Als Herr der Lüfte konnte sie sich gut vorstellen, dass er bis zu einem gewissen Grad über den Wind gebieten konnte.

"Silas", formte sie mit den Lippen, doch kein Ton drang aus ihrer Kehle. Zu gerne würde sie ihm sagen, dass es ihr ähnlich ging. Dass sie ihn vermisste und bei ihm sein wollte. Doch sie konnte einfach nicht ausblenden, wer er war und was er angerichtet hatte. Vor ihrem inneren Auge blitzten grausame Bilder auf, die sie das Schreckensszenario unter der schwarzen Kuppel noch einmal erleben ließen.

"Es macht mich traurig, dass du mich verlassen hast", nahm sie seine Stimme noch einmal wahr, er klang verletzt und angeschlagen.

Ihr Herz wurde bei seinen Worten schwer. In diesem Moment nahm sie die Leere besonders deutlich wahr, die sich in ihrem inneren breit gemacht hatte, nachdem sie Silas verlassen hatte. Je weiter sie ging, je weiter sie sich von ihm entfernte, desto schlimmer wurde das Gefühl.

Verdammt sie konnte sich nicht von ihm fernhalten, aber sie durfte auch nicht bei ihm sein. Elly hatte Angst, dass sie sich in ihn verlieben könnte, wenn sie zu lange an seiner Seite war. Sie hatte Angst davor, dass sie irgendwann einfach über seine Taten hinwegsehen würde und ihn so akzeptierte, wie er war.

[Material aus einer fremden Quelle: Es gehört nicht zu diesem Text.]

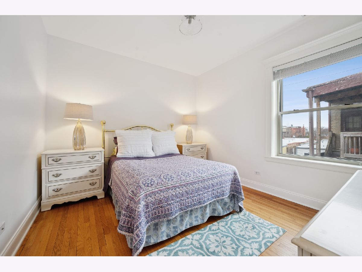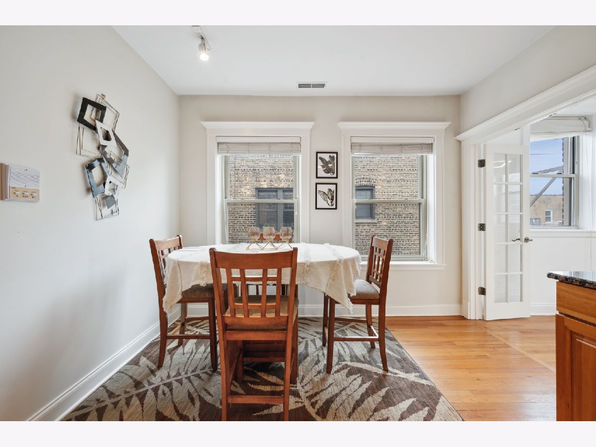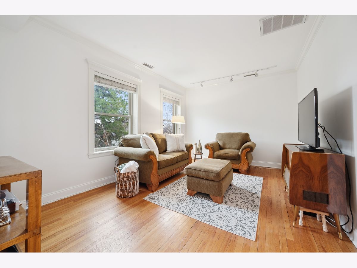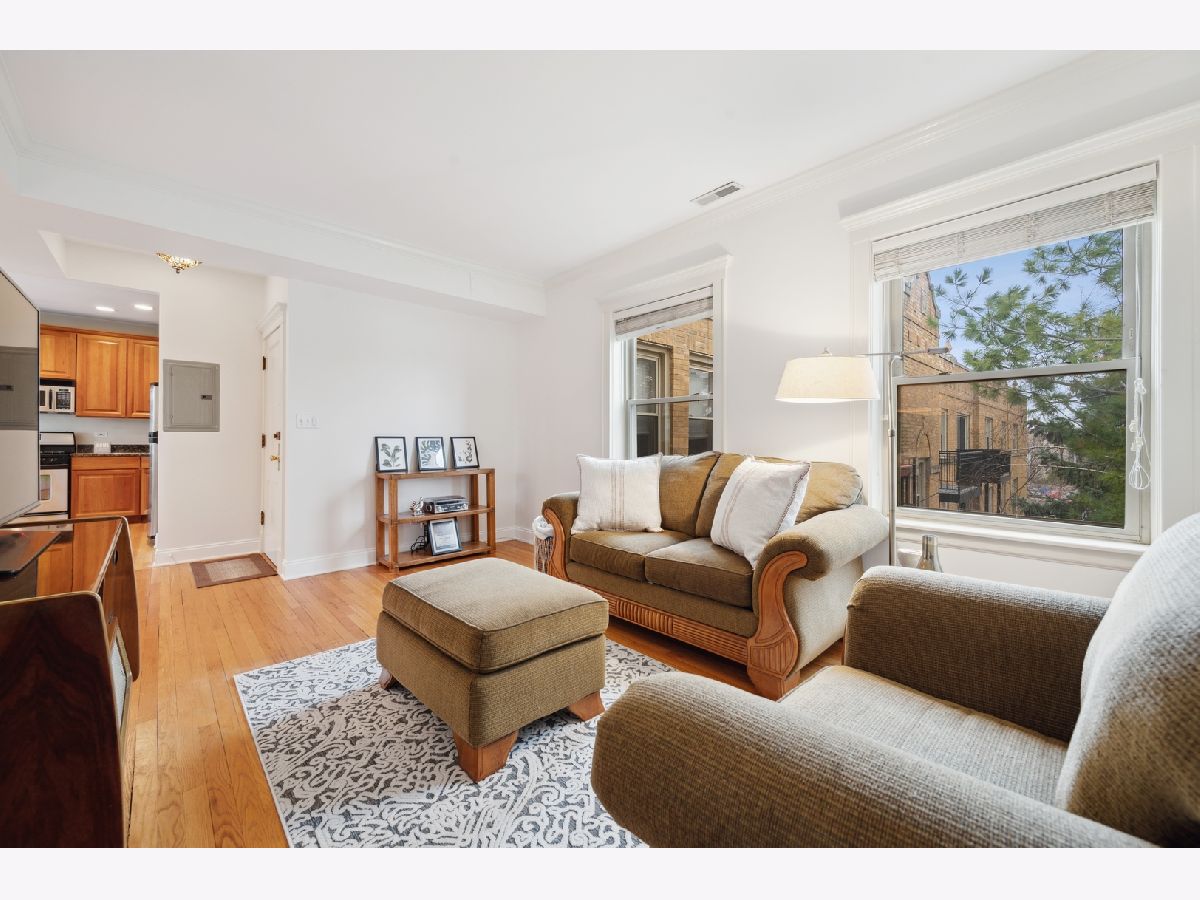 Bright top floor 2 bed/1 bath Ravenswood condo. Fresh paint, hardwood floors throughout. Kitchen features cherry cabinets, granite counters, stainless steel appliances opens to ample table space that overlooks the front room with crown molding. French doors grace the 2nd bedroom which leads to a small deck area allowing for great office space or convertible bedroom. 4 exposures to let all the light in. In-unit laundry, 8X5 storage room in basement. Ample street parking, restaurants, grocery, shops, walk to the brown line.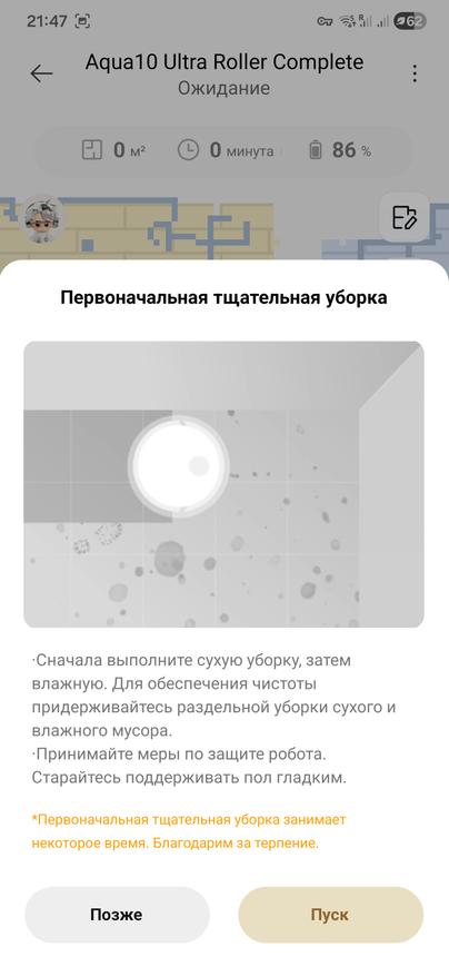 Начал по классике: сухая уборка во всей двушке, примерно 65 м². Ковров нет, собака есть, подростки тоже. Перед стартом устроили редкий праздник порядка: с пола убрали провода, носки, все, что обычно живет под столом. Робот проснулся, подмигнул и быстро накидал карту. Пошел по периметрам.

"Ich weiß, dass du mich genauso sehr willst, wie ich dich. Ich werde dich finden und dir beweisen, dass wir eine Zukunft miteinander haben können", versprach er ihr und mit diesen Worten ließ der Wind langsam nach. Doch bevor er gänzlich verschwand, streifte er noch ihre Wange, streichelte sie hauchzart. Ein angenehmer Schauer lief ihr über den Rücken.

Silas ließ sie aufgewühlt zurück. Ihre Gedanken kreisten ausschließlich um ihn. Konnte es wirklich eine Zukunft für sie beide geben? Würde er sie auch wollen, wenn sie nicht vorhatte, den Bund mit ihm einzugehen? Sie verlor sich in der Wunschvorstellung, dass er seine finsteren Pläne für Aerrion aufgab und stattdessen ein friedliches Leben an ihrer Seite führte.

Plötzlich ertönte der Ruf eines Raubtiers in der Nähe, ein leises Knurren folgte. Ihr Herz begann augenblicklich schneller zu schlagen.  Langsam drehte sie sich um und stellte fest, dass das Geräusch direkt aus einem Busch zu ihrer linken kam.